Re: [Wikidata] Status and ETA External ID conversion

2016-03-05 Thread Andy Mabbett
On 5 March 2016 at 14:25, Lydia Pintscher  wrote:

> I also do a quick sanity check for each property myself before conversion.

You might also like to do a sanity check on those marked as not
suitable for conversion.

-- 
Andy Mabbett
@pigsonthewing
http://pigsonthewing.org.uk

___
Wikidata mailing list
Wikidata@lists.wikimedia.org
https://lists.wikimedia.org/mailman/listinfo/wikidata


Re: [Wikidata] Status and ETA External ID conversion

2016-03-05 Thread James Heald

Just do them all, as fast as the bot can go.

Revert them /if/ somebody complains (which is unlikely).

Make this a process of having to contract out for an identifier /not/ to 
be done, rather than having to contract in for it to be done.



Personally, I am rather more interested in what happens next, after the 
datatype-renaming stage is done.


How does the external-ID datatype then evolve?

How does it cope with a external ID possibly having a short-form 
representation, a URL for humans (currently specified by P1630 for the 
group as a whole), a URL for RDF (currently specified by P1921 for the 
group as a whole), also sometimes a locally preferred name, or a locally 
disambiguated name in the external source.

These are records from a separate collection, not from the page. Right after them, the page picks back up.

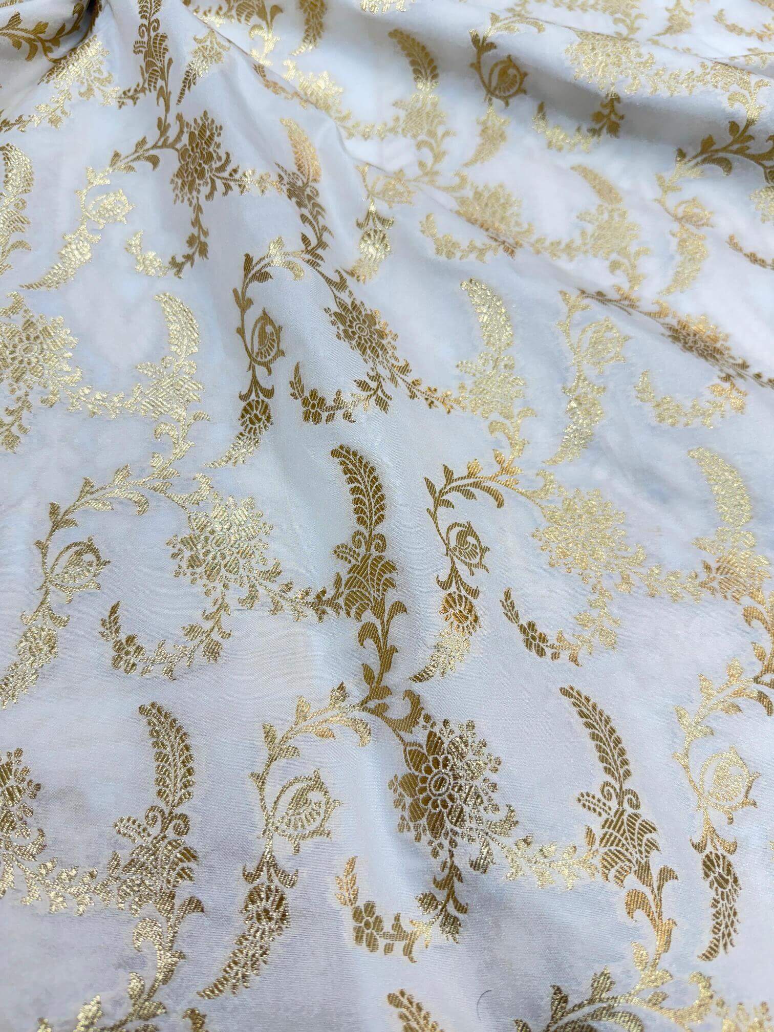 A stunning canvas for your creativity, this Design 6 Banarasi lehenga set is made from poly semi katan silk with intricate golden zari weaving. Completely unstitched and dyeable, it’s perfect for custom couture, festive wear, or bridal ensembles.
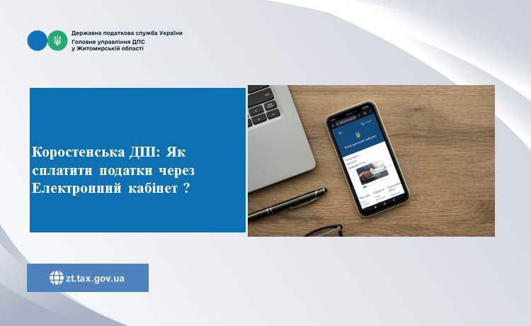 Коростенська ДПІ звертає увагу платників, що в меню «Стан розрахунків з бюджетом» приватної частини Електронного кабінету має доступ до своїх особових рахунків із сплати податків, зборів та інших платежів. При зверненні до зазначеного меню відображається зведена інформація станом на момент звернення, що містить інформацію по кожному виду платежу, зокрема, бюджетний рахунок на поточну дату.
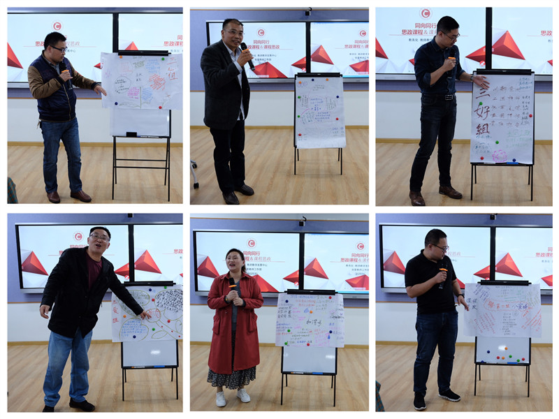 活动采取翻转课堂的形式进行,6组教师围绕“如何理解和如何践行课程思政”主题,结合报告内容和专业特点进行交流讨论,以图文并茂的方式展现讨论结果。各组组长分享培训心得。
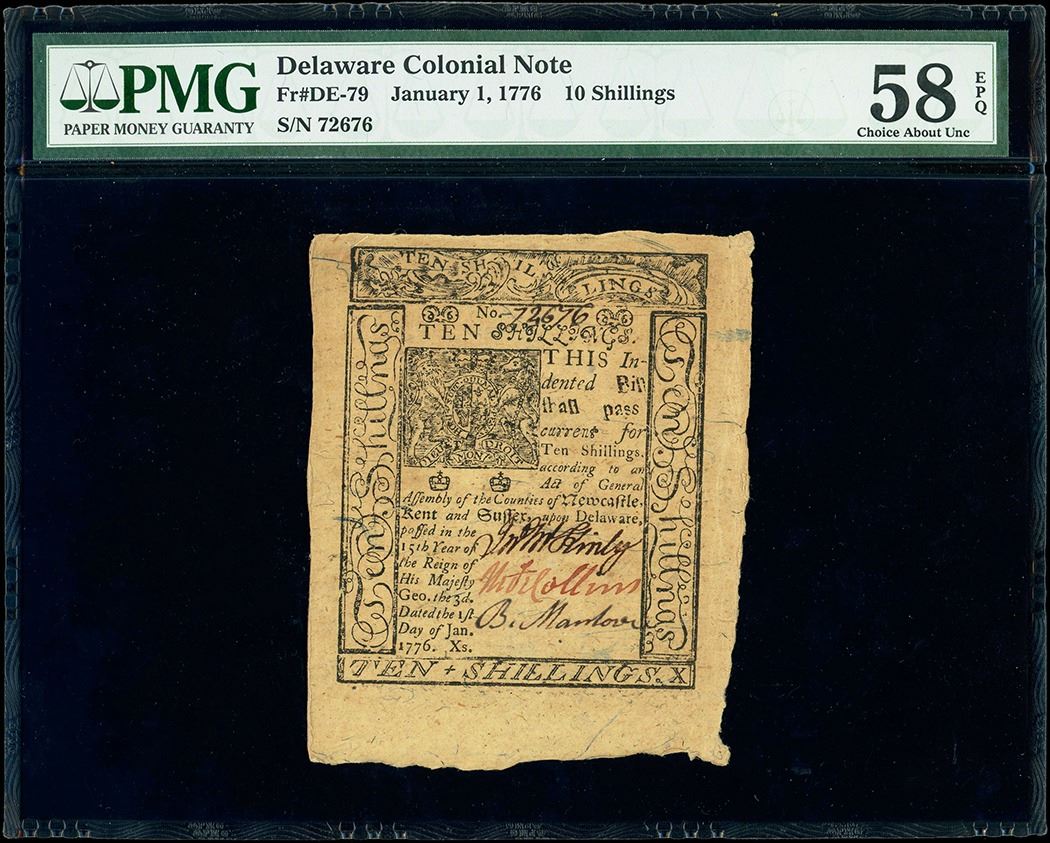 Delaware, General Assembly, 10 shillings, January 1, 1776, serial 72676, PMG Choice AU 58 EPQ. Fr-DE-79. Nice example of a colonial Delaware type note printed by James Adams just a few months prior to the Declaration of Independence when references to "the Reign of His Majesty Geo. the 3d. (George the Third)" were still found on bank notes. On the reverse, underneath a sheaf of wheat vignette, the note bears the common warning found on colonial notes: "To Counterfeit is Death." It is clear this note was printed on the bottom right corner of a sheet as the right and bottom margins are particularly wide and show some crudity from the paper manufacture process of the time; trivial handling is noted in the right margin yet does not affect the design itself, the printing as well as the penned serial and signatures very bold. PMG #1022232-007.

What becomes its wdt: value for SPARQL?

What other object-values will get hung off its detailed statement form ?

What will specified using qualifiers?


Some more clarifications of current forward thinking on this might also 
help with people's concerns about how to respond to departures from 
strict 1-to-1-ness in the mappings (whether many-to-one or one-to-many).



  -- James.




On 05/03/2016 16:15, Markus Krötzsch wrote:

Hi,

I agree with Egon that the uniqueness requirement is rather weird. What
it means is that a thing is only considered an "identifier" if it points
to a database that uses a similar granularity for modelling the world as
Wikidata. If the external database is more fine-grained than Wikidata
(several ids for one item), then it is not a valid "identifier",
according to the uniqueness idea. I wonder what good this may do. In
particular, anybody who cares about uniqueness can easily determine it
from the data without any property type that says this.

Markus


On 05.03.2016 15:35, Egon Willighagen wrote:

On Sat, Mar 5, 2016 at 3:25 PM, Lydia Pintscher
 wrote:

On Sat, Mar 5, 2016 at 3:17 PM Egon Willighagen


What is the exact process? Do you just plan to wait longer to see if
anyone supports/contradicts my tagging? Should I get other Wikidata
users and contributors to back up my suggestion?

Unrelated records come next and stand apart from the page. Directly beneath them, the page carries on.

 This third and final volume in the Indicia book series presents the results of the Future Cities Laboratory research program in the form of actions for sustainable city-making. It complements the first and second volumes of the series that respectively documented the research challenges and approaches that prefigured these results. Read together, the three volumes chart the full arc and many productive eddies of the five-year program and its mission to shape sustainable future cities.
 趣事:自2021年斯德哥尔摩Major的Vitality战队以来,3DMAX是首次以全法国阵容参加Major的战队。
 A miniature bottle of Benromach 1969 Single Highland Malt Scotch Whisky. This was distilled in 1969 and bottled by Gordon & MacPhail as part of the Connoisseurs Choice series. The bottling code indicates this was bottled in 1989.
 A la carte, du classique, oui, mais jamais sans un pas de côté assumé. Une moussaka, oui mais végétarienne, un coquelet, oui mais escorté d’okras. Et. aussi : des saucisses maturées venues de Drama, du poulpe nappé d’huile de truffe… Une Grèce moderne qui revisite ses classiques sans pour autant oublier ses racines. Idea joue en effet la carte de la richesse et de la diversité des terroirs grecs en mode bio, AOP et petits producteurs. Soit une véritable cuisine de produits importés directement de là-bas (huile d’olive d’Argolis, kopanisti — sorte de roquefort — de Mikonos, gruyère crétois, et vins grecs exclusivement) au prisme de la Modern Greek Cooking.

Add them to the list Katie linked if you think they should be
converted. We
wait a bit to see if anyone disagrees and I also do a quick sanity
check for
each property myself before conversion.


I am adding comments for now. I am also looking at the comments for
what it takes to be "identifier":

https://www.wikidata.org/wiki/User:Addshore/Identifiers#Characteristics_of_external_identifiers


What is the resolution in these? There are some strong, often
contradiction, opinions...

For example, the uniqueness requirement is interesting... if an
identifier must be unique for a single Wikidata entry, this is
effectively disqualifying most identifiers used in the life
sciences... simply because Wikidata rarely has the exact same concept
in Wikidata as it has in the remote database.

I'm sure we can give examples from any life science field, but
consider a gene: the concept of a gene in Wikidata is not like a gene
sequence in a DNA sequence database. Hence, an identifier from that
database could not be linked as "identifier" to that Wikidata entry.

Same for most identifiers for small organic compounds (like drugs,
metabolites, etc). I already commented on CAS (P231) and InChI (P234),
both are used as identifier, but none are unique to concepts used as
"types" in Wikidata. The CAS for formaldehyde and formaline is
identical. The InChI may be unique, but only of you strongly type the
definition of a chemical graph instead of a substance (as is now)...
etc.

So, in order to make a decision which chemical identifiers should be
marked as "identifier" type depends on resolution of those required
characteristics...

Can you please inform me about the state of those characteristics
(accepted or declined)?

Egon


Cheers
Lydia
--
Lydia Pintscher - http://about.me/lydia.pintscher
Product Manager for Wikidata

Wikimedia Deutschland e.V.
Tempelhofer Ufer 23-24
10963 Berlin
www.wikimedia.de

Wikimedia Deutschland - Gesellschaft zur Förderung Freien Wissens e. V.

Eingetragen im Vereinsregister des Amtsgerichts Berlin-Charlottenburg
unter
der Nummer 23855 Nz. Als gemeinnützig anerkannt durch das Finanzamt für
Körperschaften I Berlin, Steuernummer 27/029/42207.

___
Wikidata mailing list
Wikidata@lists.wikimedia.org
https://lists.wikimedia.org/mailman/listinfo/wikidata








___
Wikidata mailing list
Wikidata@lists.wikimedia.org
https://lists.wikimedia.org/mailman/listinfo/wikidata



___
Wikidata mailing list
Wikidata@lists.wikimedia.org
https://lists.wikimedia.org/mailman/listinfo/wikidata


Re: [Wikidata] Status and ETA External ID conversion

2016-03-05 Thread Markus Krötzsch

Hi,

I agree with Egon that the uniqueness requirement is rather weird. What 
it means is that a thing is only considered an "identifier" if it points 
to a database that uses a similar granularity for modelling the world as 
Wikidata. If the external database is more fine-grained than Wikidata 
(several ids for one item), then it is not a valid "identifier", 
according to the uniqueness idea. I wonder what good this may do. In 
particular, anybody who cares about uniqueness can easily determine it 
from the data without any property type that says this.


Markus


On 05.03.2016 15:35, Egon Willighagen wrote:

On Sat, Mar 5, 2016 at 3:25 PM, Lydia Pintscher
 wrote:

On Sat, Mar 5, 2016 at 3:17 PM Egon Willighagen 

What is the exact process? Do you just plan to wait longer to see if
anyone supports/contradicts my tagging? Should I get other Wikidata
users and contributors to back up my suggestion?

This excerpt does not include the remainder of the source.